Renewable technologies
The government reiterated the importance of CCS. Like the EU ETS, the CPRS will treat CCS as “net emissions” (i.e. the emissions will not form part of the originating entity’s emissions), and the CCS facility will be responsible for any leakage. The government also reaffirmed its commitment to its existing suite of renewable technologies such as the Renewable Energy Target of 20% by 2020.

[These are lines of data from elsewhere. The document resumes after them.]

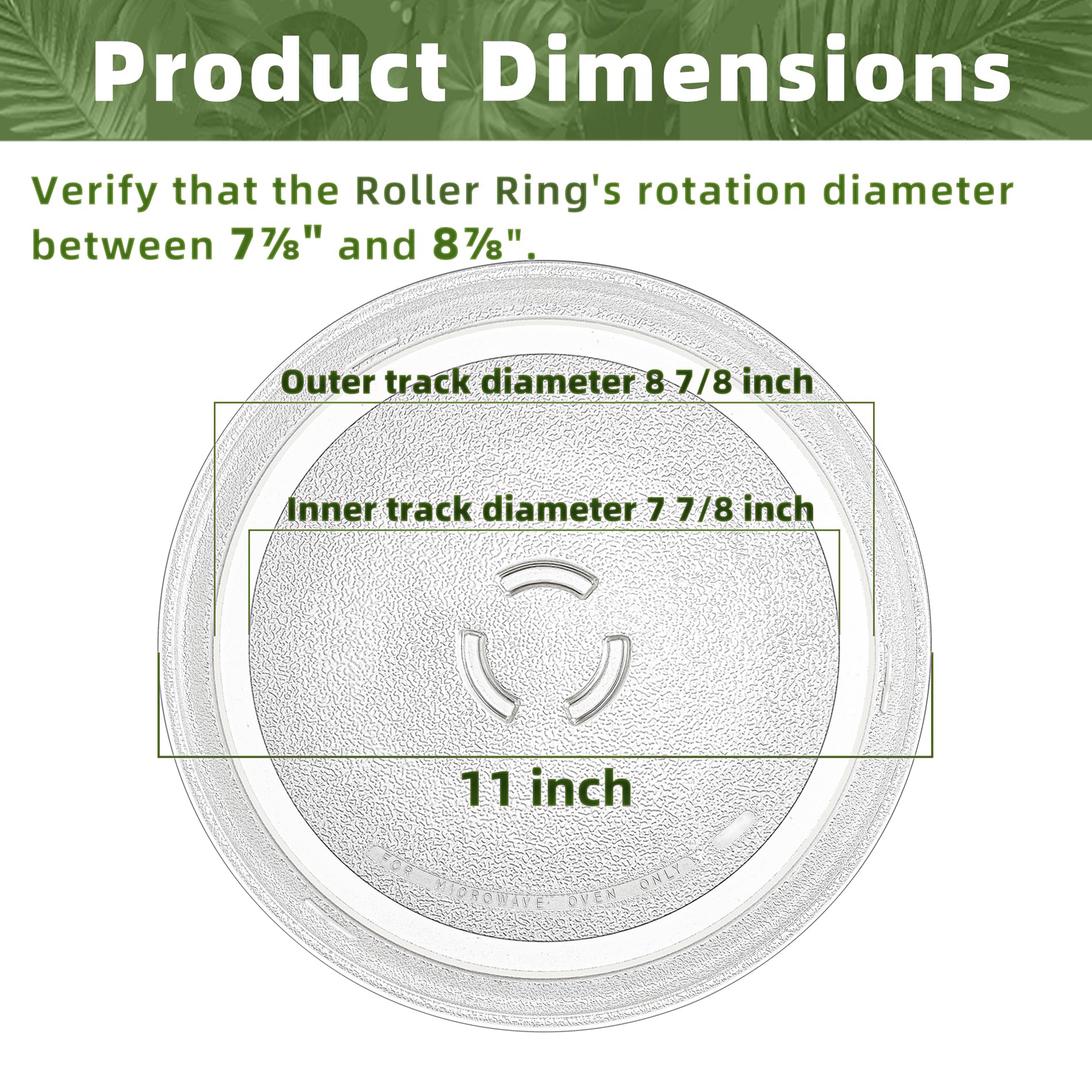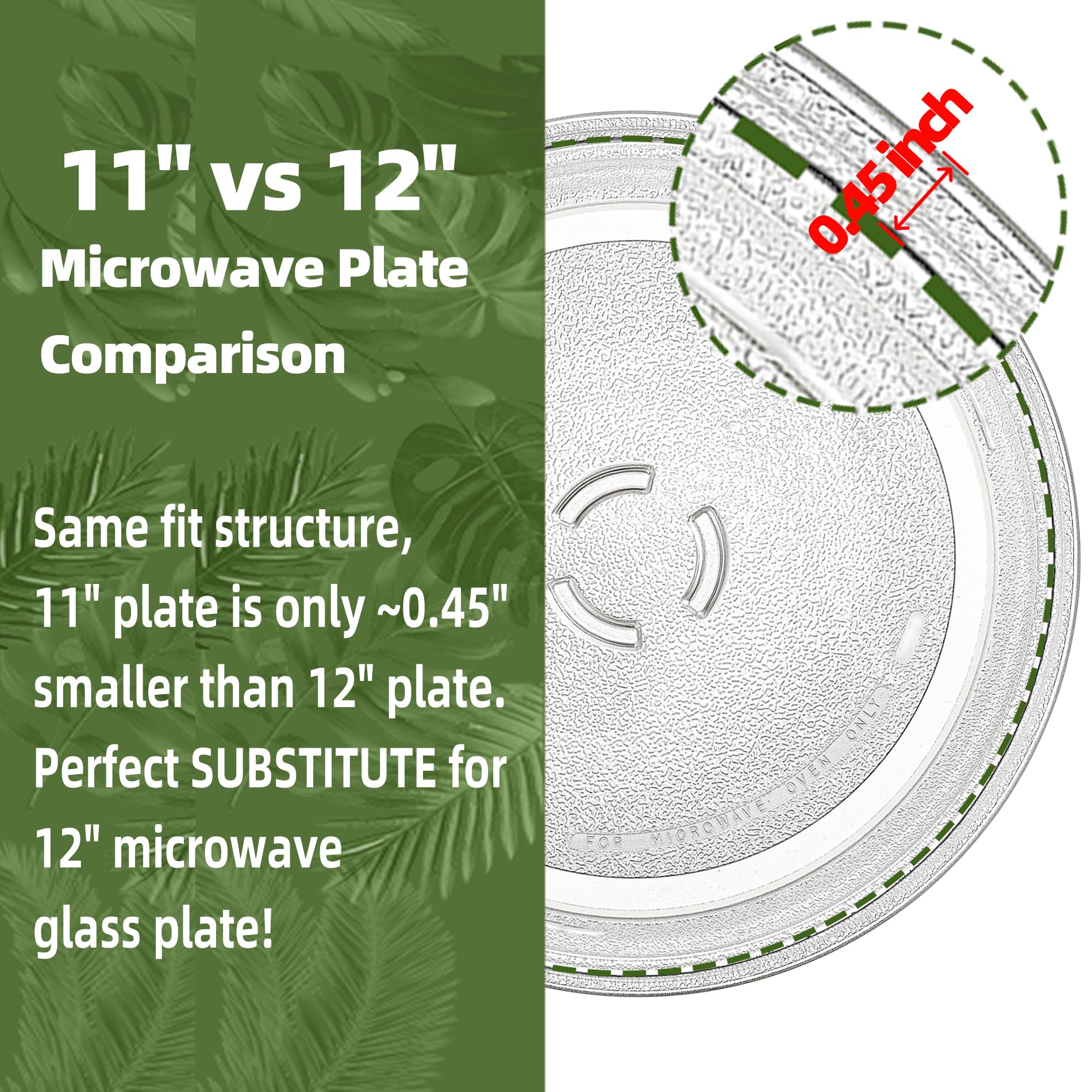 【Broad Compatibility】 It's NOT universal fit. The 11 in microwave turntable is compatible with Brands: Whirlpool microwave glass plate 4393799, W10435116, W11252182 etc (by 1 inch smaller than the original plate)
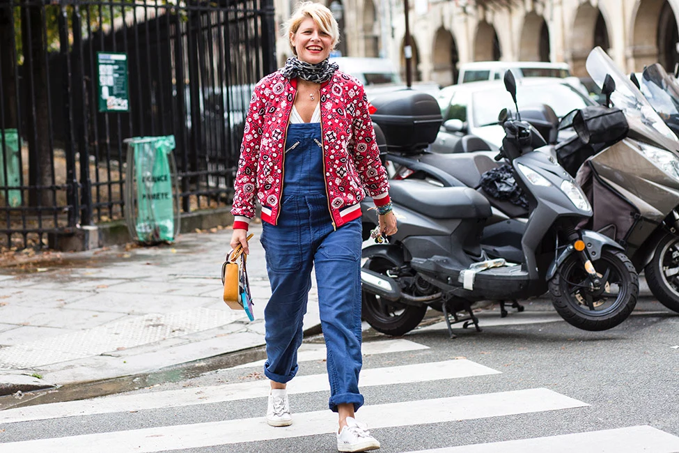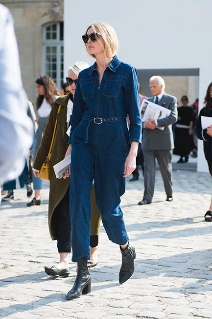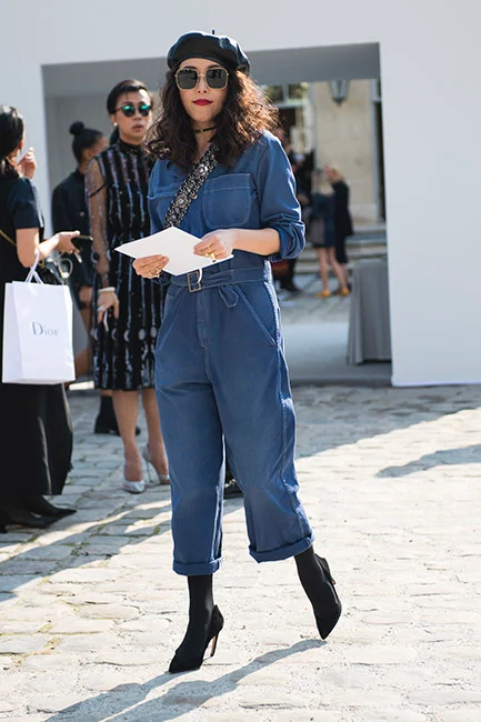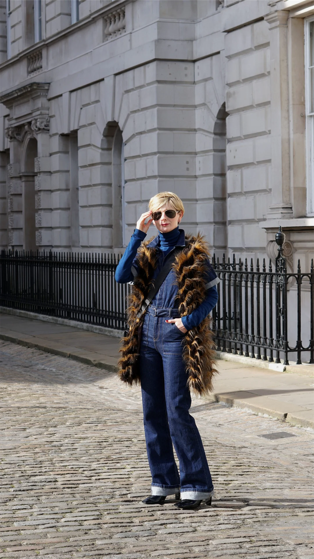 Fashion director Marie Kelly wearing a Mango denim jumpsuit at London fashion week last year.
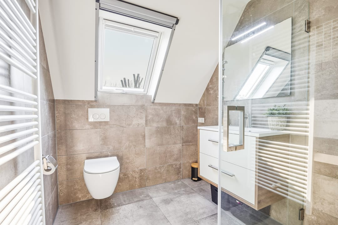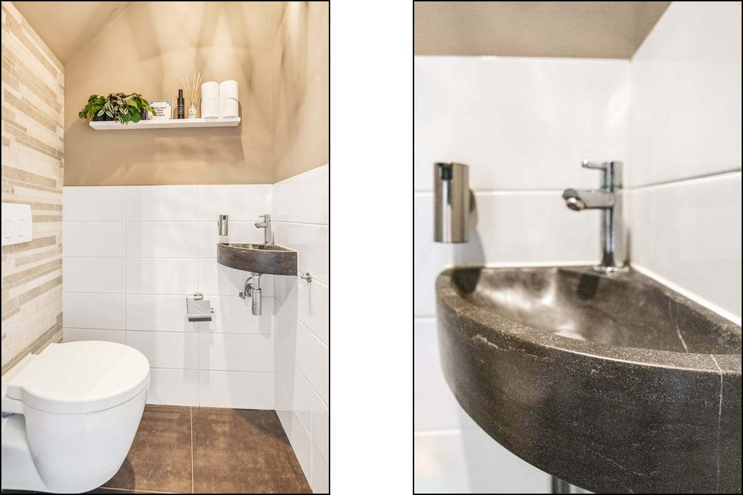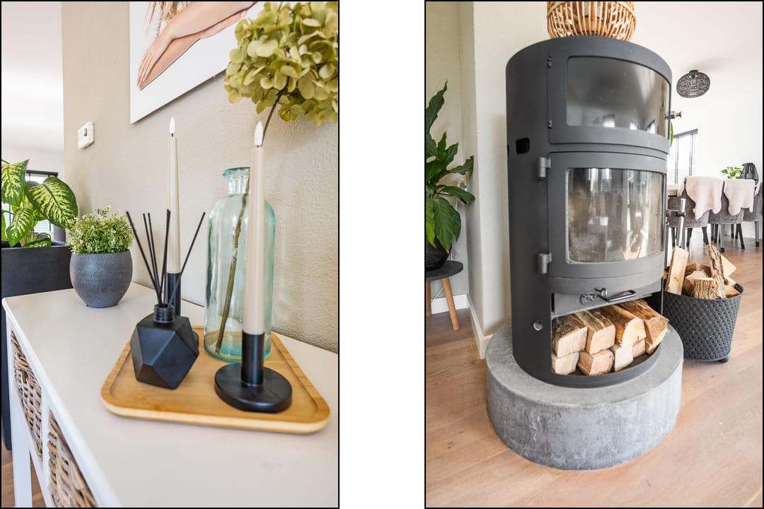 - om esthetische redenen is de kopgevel aan de woningzijde bekleed met houten rabatdelen en de gevel aan de tuinzijde met kunststof plankdelen
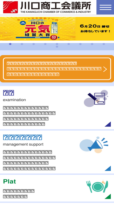 85%埼玉県の川口商工会議所公式サイト。融資、経営相談など、働く方の力になります。共済や各種保険でもしもの時のサポートも。簿記、販売士、珠算などの各種検定。会報誌「move」、駅前大型ビジョン「キャスティビジョン」を使用した会員さま限定の幅広い無料広報ツールが自慢です。
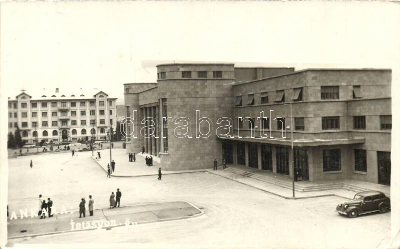 Ankara, Angora; Istasyon / railway station, automobile, photo (EB) https://www.darabanth.com/de/272-Fernauktion/272.0/Ansichtskarten/Turkei~200045/Ankara-Angora-Istasyon-railway-station-automobile-photo-EB~II1386559

The government plans to publish draft legislation in February 2009, with an aim to pass the legislation later in 2009. It also plans to establish an interim carbon regulator in early 2009, and a national permit registry early the following year. How the scheme framework will grow and adapt as it moves through Parliament will provide important lessons for the US, given the similarities between the US and Australian economies, as it grapples with the concept of introducing its own emissions trading scheme. In addition, and despite the price cap, the emergence of Australia as a likely net importer of credits creates important opportunities for international trade.